Diversification Opportunities for Intel and Near Intelligence

-0.77
  Correlation Coefficient

Pay attention - limited upside

The 3 months correlation between Intel and Near is -0.77. Overlapping area represents the amount of risk that can be diversified away by holding Intel and Near Intelligence in the same portfolio, assuming nothing else is changed. The correlation between historical prices or returns on Near Intelligence and Intel is a relative statistical measure of the degree to which these equity instruments tend to move together. The correlation coefficient measures the extent to which returns on Intel are associated (or correlated) with Near Intelligence. Values of the correlation coefficient range from -1 to +1, where. The correlation of zero (0) is possible when the price movement of Near Intelligence has no effect on the direction of Intel i.e., Intel and Near Intelligence go up and down completely randomly.
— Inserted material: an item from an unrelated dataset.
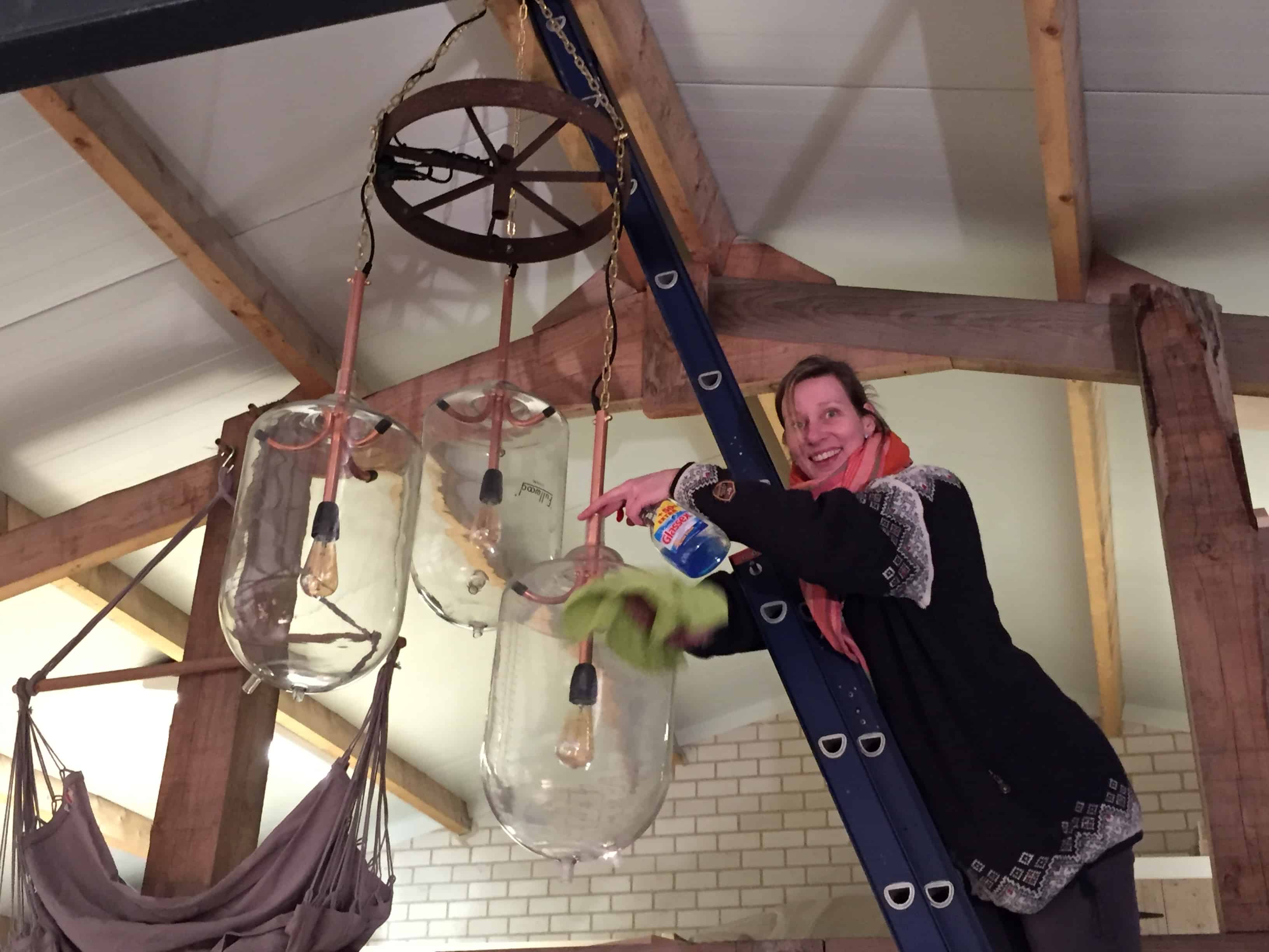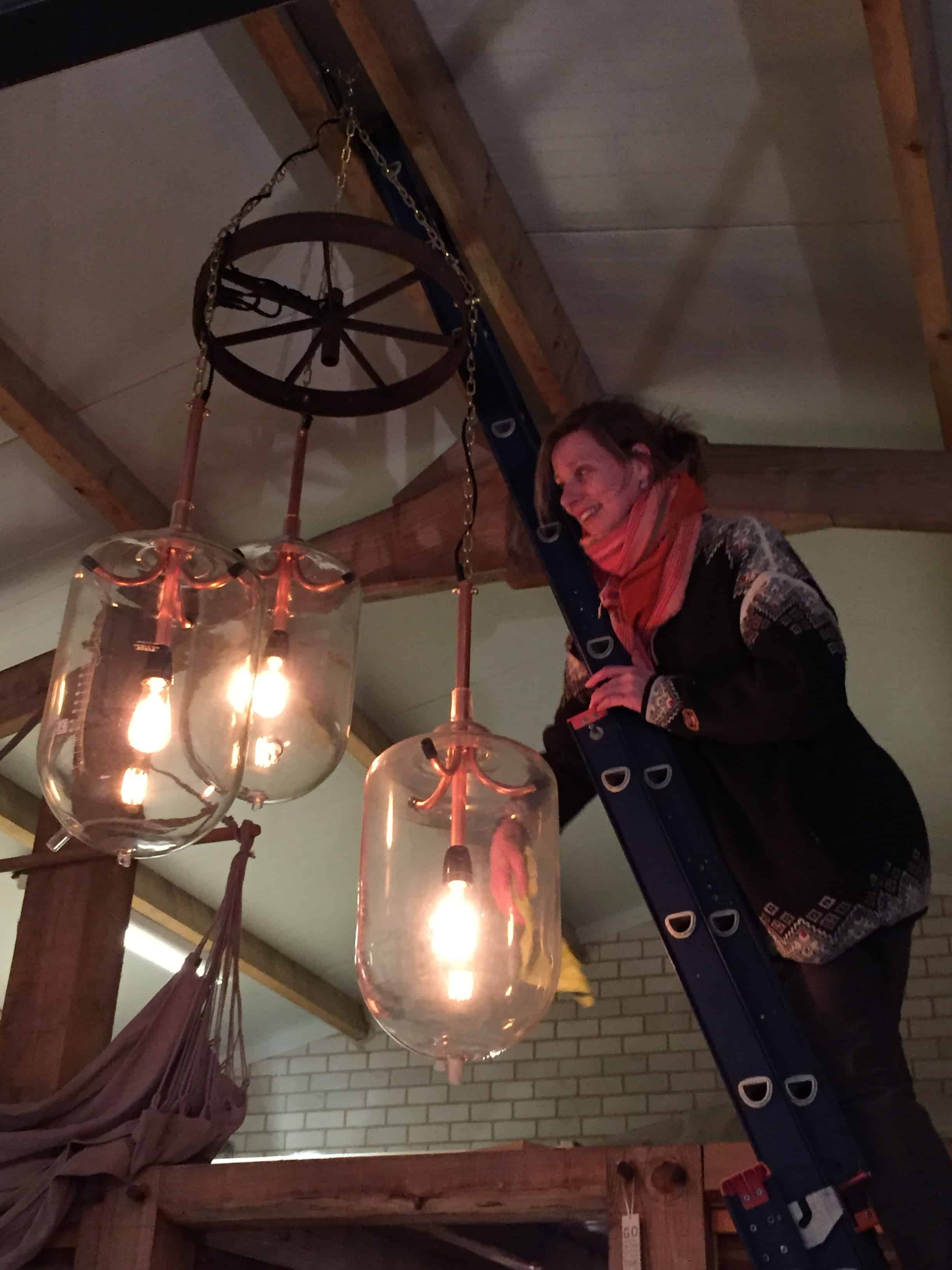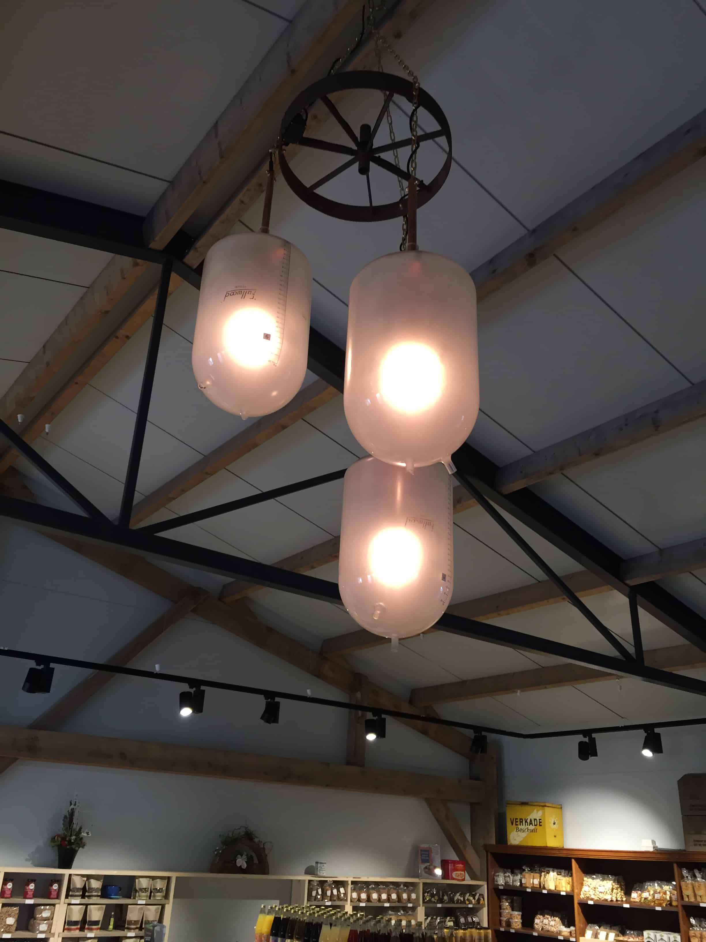 Ter gelegenheid van de opening van Landwinkel Valenkamp zijn twee kroonluchters gemaakt. Geheel in stijl met de filosofie van deze leuke jonge ondernemers is bijzonder materiaal hergebruikt. De luchters bestaan uit sets van drie oude melkmeetglazen, uit de originele boerderij. Op deze locatie was een melkveehouderij gevestigd. De nieuwe eigenaars hebben hier een Landwinkel geopend met een theeterras waar het goed toeven is. Uniek in Brabant: het ‘blote-voeten-pad’, een echte aanrader.

Pair Corralation between Intel and Near Intelligence

Given the investment horizon of 90 days Intel is expected to generate 0.17 times more return on investment than Near Intelligence. However, Intel is 5.72 times less risky than Near Intelligence. It trades about 0.0 of its potential returns per unit of risk. Near Intelligence is currently generating about -0.06 per unit of risk. If you would invest  2,770  in Intel on September 3, 2024 and sell it today you would lose (365.00) from holding Intel or give up 13.18% of portfolio value over 90 days.
Time Period3 Months [change]
DirectionMoves Against 
StrengthWeak
Accuracy17.78%
ValuesDaily Returns

Intel  vs.  Near Intelligence

 Performance 
       Timeline  
Intel 

Risk-Adjusted Performance

9 of 100

 
Weak
 
Strong
OK
Compared to the overall equity markets, risk-adjusted returns on investments in Intel are ranked lower than 9 (%) of all global equities and portfolios over the last 90 days. In spite of rather weak basic indicators, Intel exhibited solid returns over the last few months and may actually be approaching a breakup point.
Near Intelligence 

Risk-Adjusted Performance

0 of 100

 
Weak
 
Strong
Very Weak
Over the last 90 days Near Intelligence has generated negative risk-adjusted returns adding no value to investors with long positions. Even with relatively invariable forward indicators, Near Intelligence is not utilizing all of its potentials. The newest stock price agitation, may contribute to short-term losses for the retail investors.

Intel and Near Intelligence Volatility Contrast

   Predicted Return Density   
       Returns  

Pair Trading with Intel and Near Intelligence

The main advantage of trading using opposite Intel and Near Intelligence positions is that it hedges away some unsystematic risk. Because of two separate transactions, even if Intel position performs unexpectedly, Near Intelligence can make up some of the losses. Pair trading also minimizes risk from directional movements in the market. For example, if an entire industry or sector drops because of unexpected headlines, the short position in Near Intelligence will offset losses from the drop in Near Intelligence's long position.
The idea behind Intel and Near Intelligence pairs trading is to make the combined position market-neutral, meaning the overall market's direction will not affect its win or loss (or potential downside or upside). This can be achieved by designing a pairs trade with two highly correlated stocks or equities that operate in a similar space or sector, making it possible to obtain profits through simple and relatively low-risk investment.
Check out your portfolio center.
Note that this page's information should be used as a complementary analysis to find the right mix of equity instruments to add to your existing portfolios or create a brand new portfolio. You can also try the Theme Ratings module to determine theme ratings based on digital equity recommendations. Macroaxis theme ratings are based on combination of fundamental analysis and risk-adjusted market performance.